Pictures excluded, copy all of the data below exactly.

** EXERCISE DATA **
# # # # #
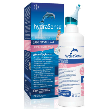 hydraSense Ultra-Gentle Mist with comfort tip specially designed to relieve nasal congestion in babies for use in the nostrils of young babies. Try this product if your baby is having trouble breathing because of dry or obstructed nasal passages due to a cold or nasal congestion.  hydraSense Ultra-Gentle mist is available in 100 mL and 210 mL sizes. Directions for use: For each use, press on the applicator for 1-2 seconds to apply hydraSense Ultra-Gentle Mist. Use at least twice a day (morning and evening), or 4 to 6 times a day when cold or allergy symptoms are present. hydraSense Baby Nasal Care products are an effective, easy-to-use method of comfortably cleansing nasal cavities and facilitating nose blowing.  Products containing liquid are made of 100% natural-source, sterile, undiluted seawater solution that is exclusively sourced from the Bay of Saint-Malo in France - renowned for its strong currents, providing oxygenation and a wealth of naturally occurring mineral salts and trace elements.  The manufacturing process desalinates seawater to an optimum level to preserve the cleansing effects of seawater.  hydraSense Baby Nasal Care products are non-medicated, contain no preservatives and can be used several times daily to cleanse nasal cavities.
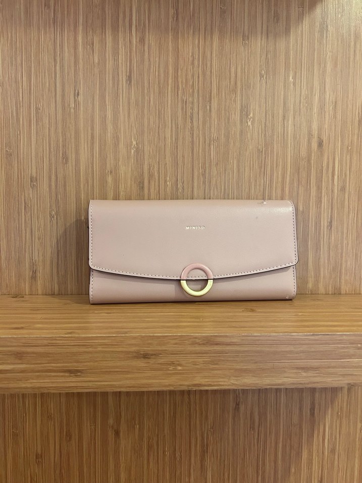 Bej renkte, tokalı kapamalı deri kadın cüzdanı, minimalist ve modern klasik tasarıma sahiptir. Günlük kullanıma uygundur. #cüzdan #pudra #aksesuar #çanta #bej #miniso #kartlık
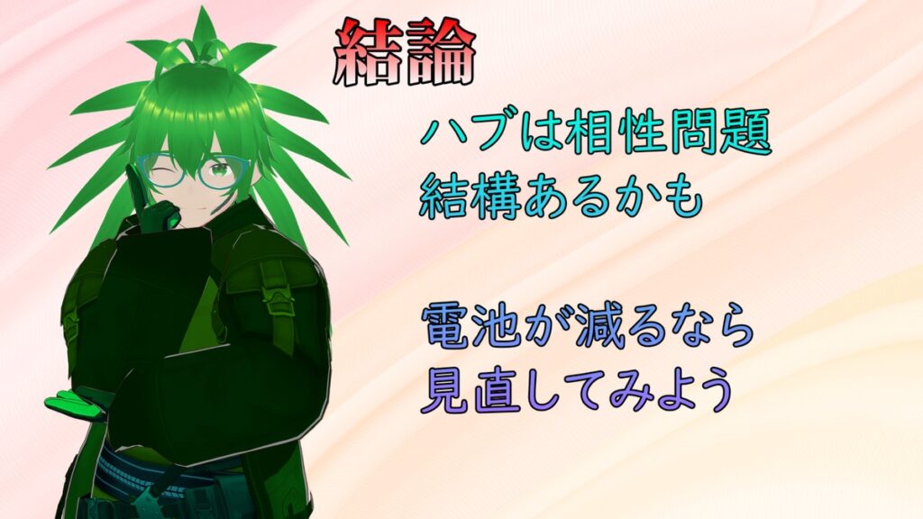 今回は条件としてハブには電源を刺さないことで、充電されない状況を作ってどうなるか、ということを試してみました。
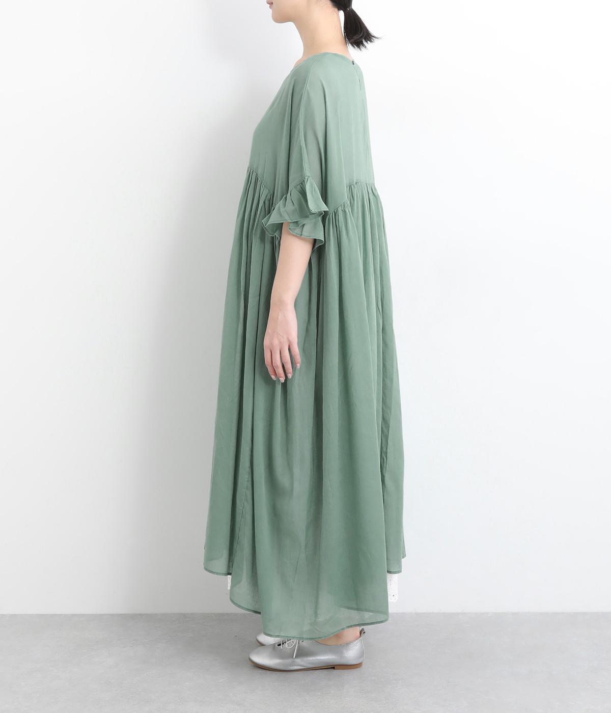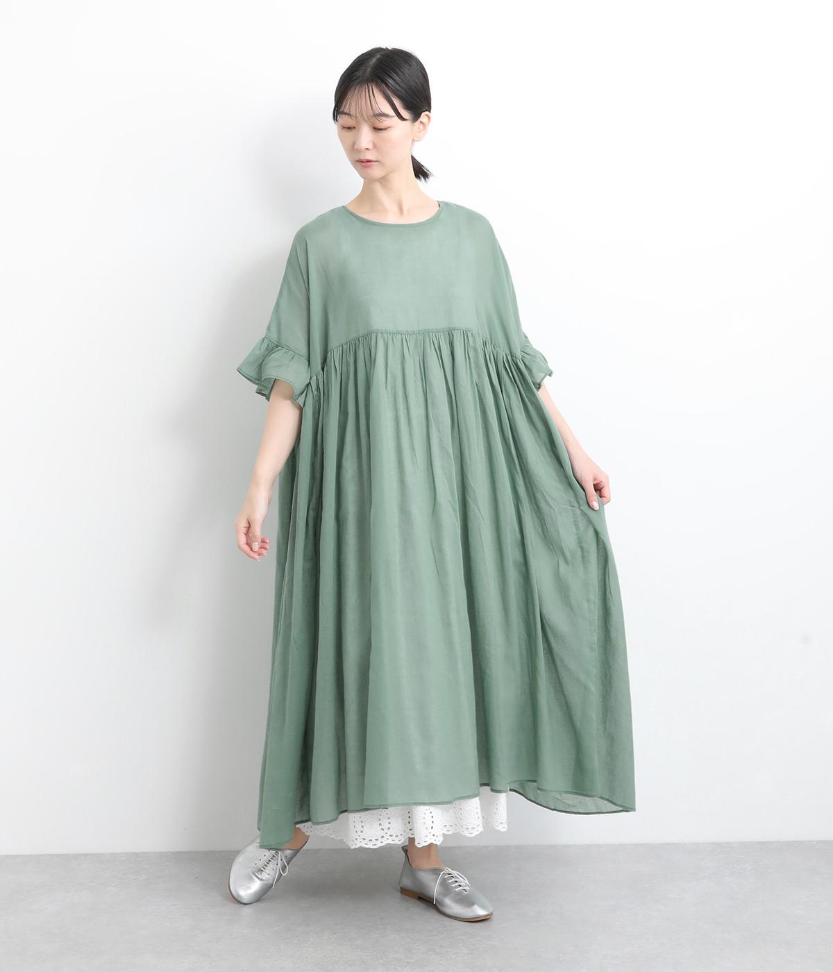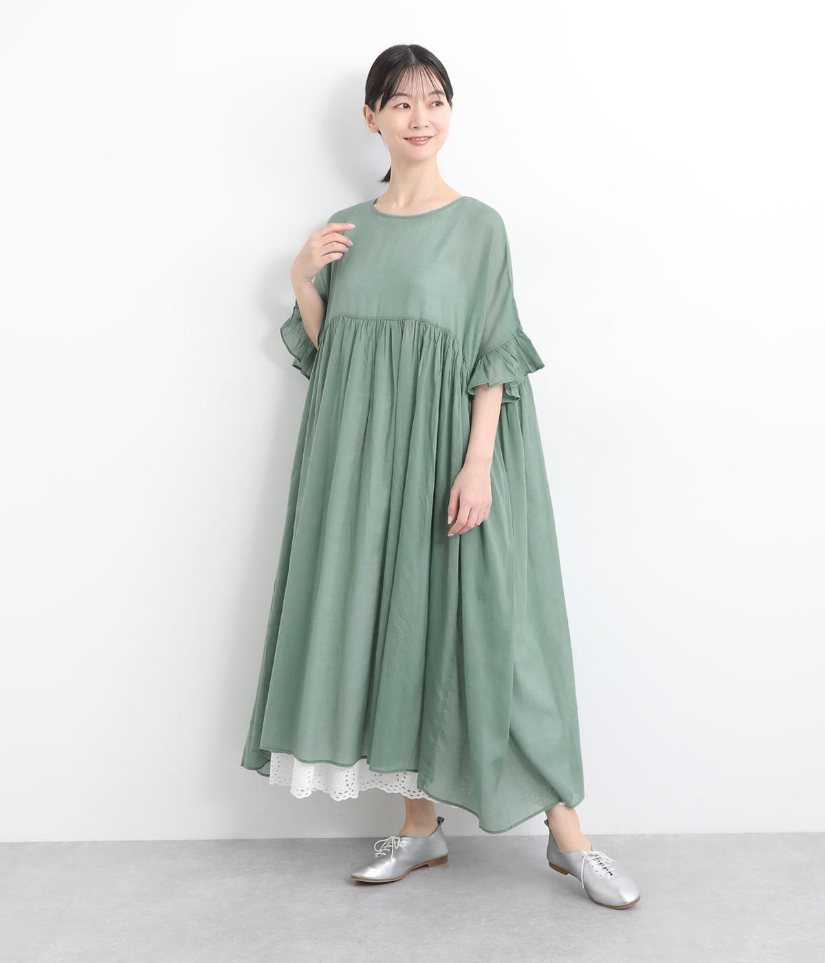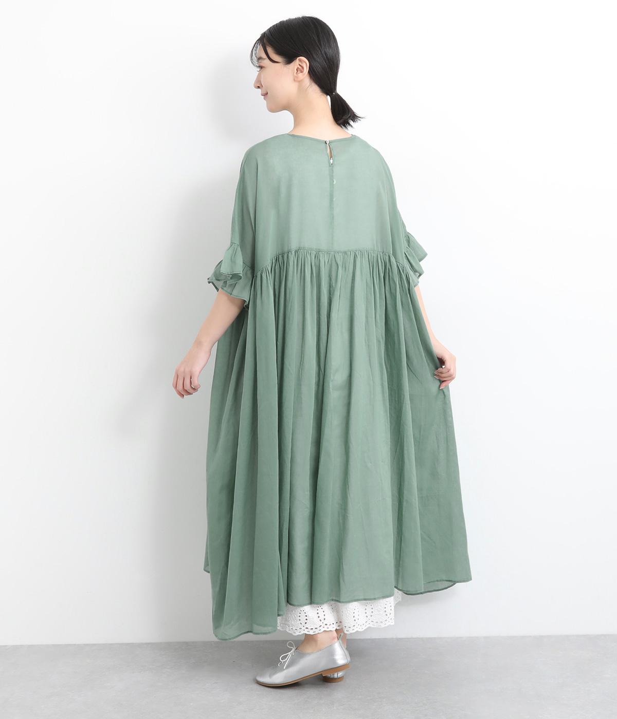 袖口のフリルや、ウエストにたっぷりとあしらったギャザーが大人かわいい装いを演出するワンピースです。着丈、身幅ともにゆとりを持たせたサイジングで様々な重ね着スタイルを楽しむのがおすすめ。
# # # # #
** REPLY TO THE TASK **
 hydraSense Ultra-Gentle Mist with comfort tip specially designed to relieve nasal congestion in babies for use in the nostrils of young babies. Try this product if your baby is having trouble breathing because of dry or obstructed nasal passages due to a cold or nasal congestion.  hydraSense Ultra-Gentle mist is available in 100 mL and 210 mL sizes. Directions for use: For each use, press on the applicator for 1-2 seconds to apply hydraSense Ultra-Gentle Mist. Use at least twice a day (morning and evening), or 4 to 6 times a day when cold or allergy symptoms are present. hydraSense Baby Nasal Care products are an effective, easy-to-use method of comfortably cleansing nasal cavities and facilitating nose blowing.  Products containing liquid are made of 100% natural-source, sterile, undiluted seawater solution that is exclusively sourced from the Bay of Saint-Malo in France - renowned for its strong currents, providing oxygenation and a wealth of naturally occurring mineral salts and trace elements.  The manufacturing process desalinates seawater to an optimum level to preserve the cleansing effects of seawater.  hydraSense Baby Nasal Care products are non-medicated, contain no preservatives and can be used several times daily to cleanse nasal cavities.
 Bej renkte, tokalı kapamalı deri kadın cüzdanı, minimalist ve modern klasik tasarıma sahiptir. Günlük kullanıma uygundur. #cüzdan #pudra #aksesuar #çanta #bej #miniso #kartlık
 今回は条件としてハブには電源を刺さないことで、充電されない状況を作ってどうなるか、ということを試してみました。
 袖口のフリルや、ウエストにたっぷりとあしらったギャザーが大人かわいい装いを演出するワンピースです。着丈、身幅ともにゆとりを持たせたサイジングで様々な重ね着スタイルを楽しむのがおすすめ。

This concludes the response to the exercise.